02:00.1 Audio device: NVIDIA Corporation GP102 HDMI Audio Controller (rev a1)

84:00.0 VGA compatible controller: NVIDIA Corporation GP102 [GeForce GTX 1080 Ti] (rev a1)

84:00.1 Audio device: NVIDIA Corporation GP102 HDMI Audio Controller (rev a1)

[root@localhost ~]#

Kernel Headers, Development 패키지 설치

# yum install kernel-devel-$(uname -r) kernel-headers-$(uname -r)

새로 설치 된 커널적용을 위해 재부팅

# reboot

NVIDIA Driver 설치

# yum-config-manager --add-repo http://developer.download.nvidia.com/compute/cuda/repos/rhel7/x86_64/cuda-rhel7.repo

# yum clean all

# yum install nvidia-driver-latest-dkms

[root@localhost ~]# yum-config-manager --add-repo http://developer.download.nvidia.com/compute/cuda/repos/rhel7/x86_64/cuda-rhel7.repo

Loaded plugins: fastestmirror, langpacks

adding repo from: http://developer.download.nvidia.com/compute/cuda/repos/rhel7/x86_64/cuda-rhel7.repo

grabbing file http://developer.download.nvidia.com/compute/cuda/repos/rhel7/x86_64/cuda-rhel7.repo to /etc/yum.repos.d/cuda-rhel7.repo

repo saved to /etc/yum.repos.d/cuda-rhel7.repo

[root@localhost ~]# yum clean all

Loaded plugins: fastestmirror, langpacks

Cleaning repos: base cuda-rhel7-x86_64 epel extras updates

Cleaning up list of fastest mirrors

[root@localhost ~]# yum install nvidia-driver-latest-dkms -y

Loaded plugins: fastestmirror, langpacks

Determining fastest mirrors

epel/x86_64/metalink | 6.6 kB 00:00

* base: mirror.kakao.com

* epel: mirror.sabay.com.kh

* extras: mirror.kakao.com

* updates: mirror.kakao.com

Driver 적용을 위해 재부팅 및 설치확인

# reboot

# nvidia-smi

[root@localhost ~]# nvidia-smi

Failed to initialize NVML: Driver/library version mismatch

[root@localhost ~]# dmesg |grep NVRM

[ 9.619564] NVRM: loading NVIDIA UNIX x86_64 Kernel Module 515.48.07 Fri May 27 03:26:43 UTC 2022

[ 21.953927] NVRM: API mismatch: the client has the version 515.57, but

NVRM: this kernel module has the version 515.48.07. Please

NVRM: make sure that this kernel module and all NVIDIA driver

NVRM: components have the same version.

많은 구글링 끝에 쿠다의 문제가 아니라 엔비디아 드라이버 문제라고 결론 지었다.

NVIDIA 드라이버 재설치

[root@localhost ~]# sh NVIDIA-Linux-x86_64-515.57.run

Verifying archive integrity... OK

Uncompressing NVIDIA Accelerated Graphics Driver for Linux-x86_64 515.57.....................................................................................................................................................................................................................................................

Driver 적용을 위해 재부팅 및 설치확인

# reboot

# nvidia-smi

[root@localhost ~]# lshw -numeric -C display

*-display

description: VGA compatible controller

product: GP102 [GeForce GTX 1080 Ti] [10DE:1B06]
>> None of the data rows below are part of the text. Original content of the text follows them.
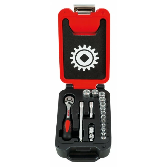 Coffret 1/4″. CLIQUET poire : levier de changement de sens intégré dans la tête = pas de risque d’inversion accidentelle. Déverrouillage des douilles par bouton poussoir. Changement de sens par le pouce. Le sens est donné par la position du levier. Faible encombrement de la tête allongée. DOUILLES : La suppression des angles vifs des carrés augmente leur résistance et protège les écrous contre le matage. La manipulation des douilles est rendue facile grâce à un épaulement extérieur prévu pour la prise. Marquage de la dimension sur tout le pourtour. COFFRET : en Polyéthylène Haute Densité (PEHD), ne s’abîment pas aux chocs comme des coffrets métalliques, qu’il est nécessaire de débosseler. Fermoirs métalliques. Mousse bicolore pour un repérage facile des manquants. Mousse haute densité, à cellule fermée, qui ne prend pas l’humidité. Les outils sont calés en douceur. Dimensions : 135x215x6 mm. Compatible Fusion Box : peut se glisser sur un coffret plus grand. 12 douilles 6 pans : 4/5/5,5/6/7/8/9/1/11/12/13/14 mm // 1 cliquet poire // 1 cardan // 2 rallonges : 5 et 125 mm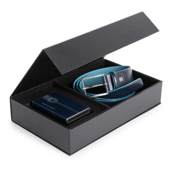 Набор подарочный мужской Piquadro Blue Square ремень/чехол для кредитных карт синий натур.кожа [CUBOX15B2R/BLU2]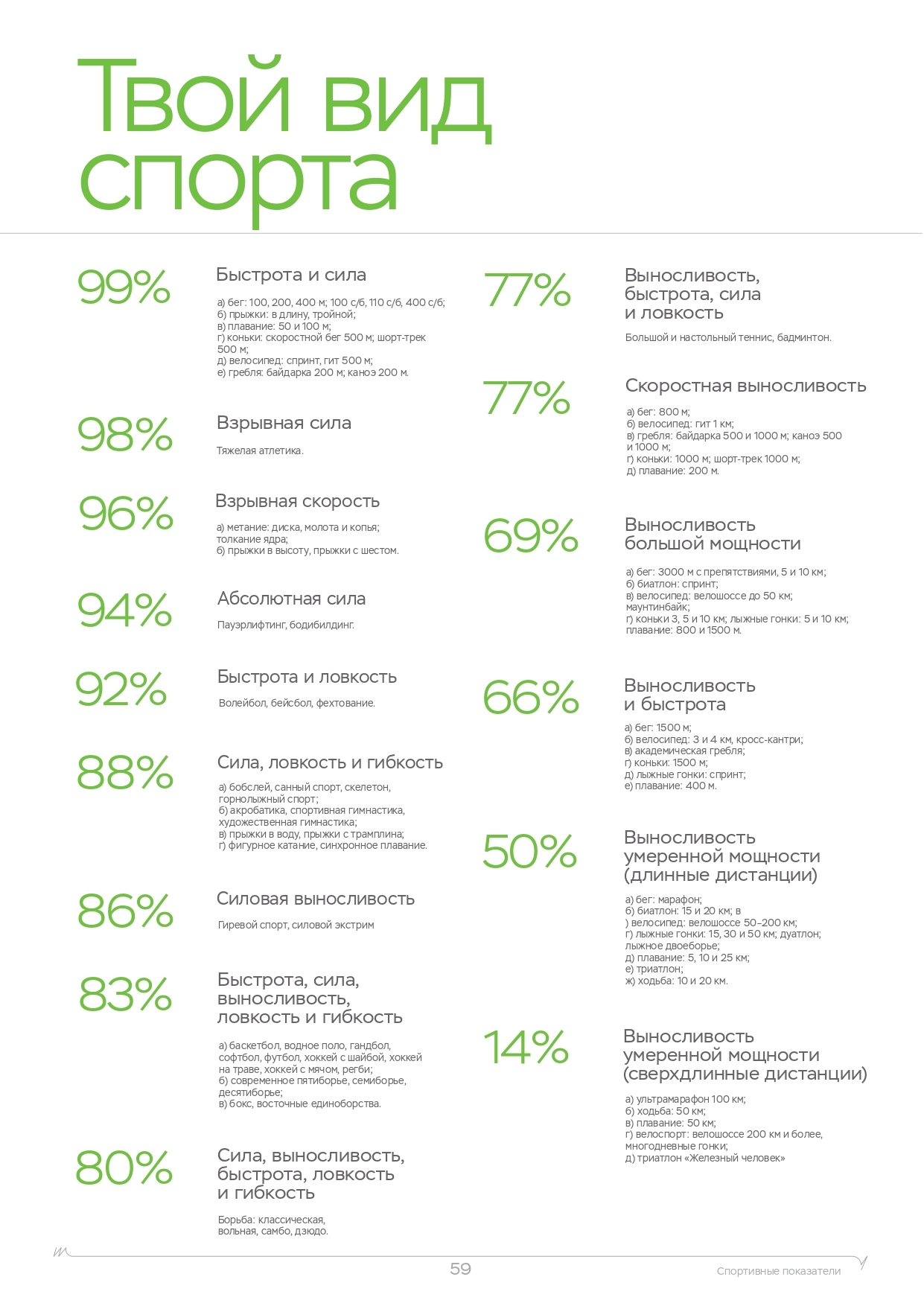 Этот генетический анализ показывает, к каким видам спорта и физическим нагрузкам ребенок предрасположен генетически. Можно заниматься любыми видами спорта, но в определенных видах ребенок достигнет высоких результатов быстрее других детей и с меньшими усилиями. Поэтому мы рекомендуем пройти наш ДНК-тест спорт для ребенка в Усть-Илимске.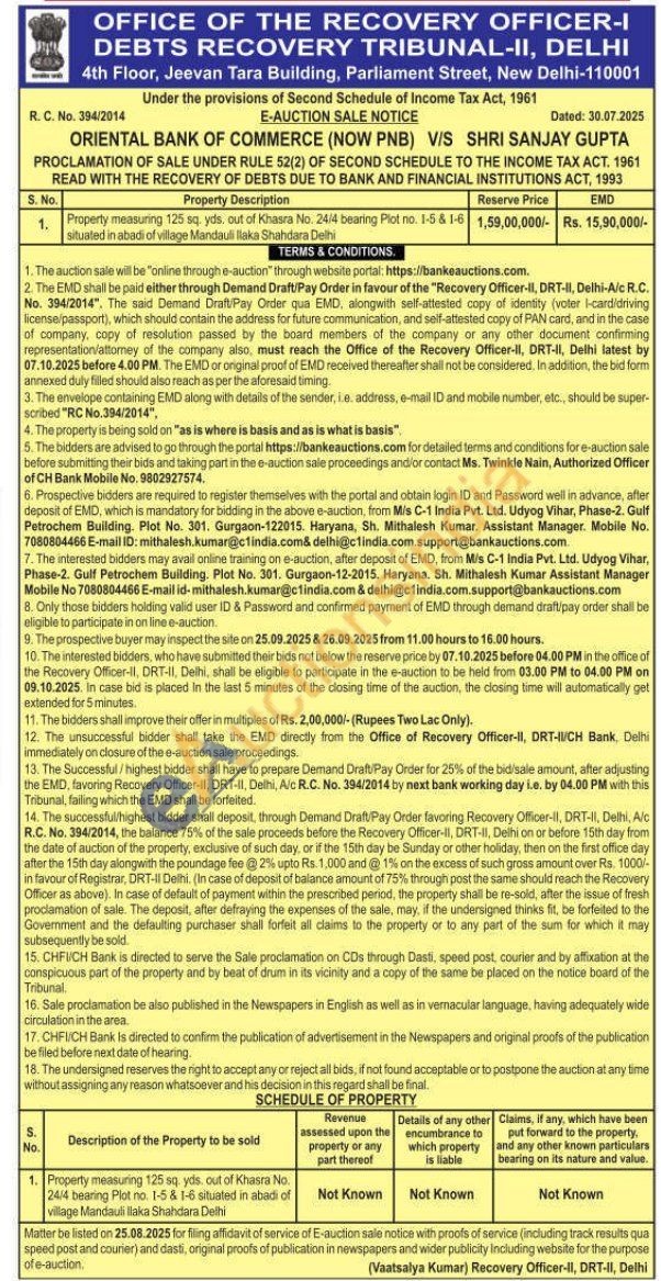 . Property measuring 125 sq. yds. out of Khasra No. 24/4 bearing Plot no. 1-5 & 1-6 situated in abadi of village Mandauli Ilaka Shahdara Delhi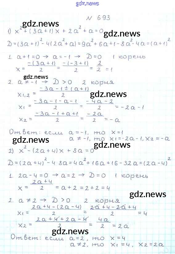 Как эффективно готовиться к домашним заданиям по Алгебре за 8 класс: лучшие стратегии и советы на gdz.news. Здесь подготовлен Учебник Мерзляк, Полонский, Якир Алгоритм успеха - §20. Формула корней квадратного уравнения 693 и готовые ответы к ним. Сверяй домашку и получай отличные оценки!

vendor: NVIDIA Corporation [10DE]

physical id: 0

bus info: pci@0000:02:00.0

version: a1

width: 64 bits

clock: 33MHz

capabilities: pm msi pciexpress vga_controller bus_master cap_list rom

configuration: driver=nvidia latency=0

resources: iomemory:3bf0-3bef iomemory:3bf0-3bef irq:105 memory:91000000-91ffffff memory:3bfe0000000-3bfefffffff memory:3bff0000000-3bff1ffffff ioport:2000(size=128) memory:92080000-920fffff

*-display

description: VGA compatible controller

product: G200eR2 [102B:534]

vendor: Matrox Electronics Systems Ltd. [102B]

physical id: 0

bus info: pci@0000:09:00.0

version: 01

width: 32 bits

clock: 33MHz

capabilities: pm vga_controller bus_master cap_list rom

configuration: driver=mgag200 latency=64 maxlatency=32 mingnt=16

resources: irq:17 memory:90000000-90ffffff memory:93000000-93003fff memory:92800000-92ffffff

*-display

description: VGA compatible controller

product: GP102 [GeForce GTX 1080 Ti] [10DE:1B06]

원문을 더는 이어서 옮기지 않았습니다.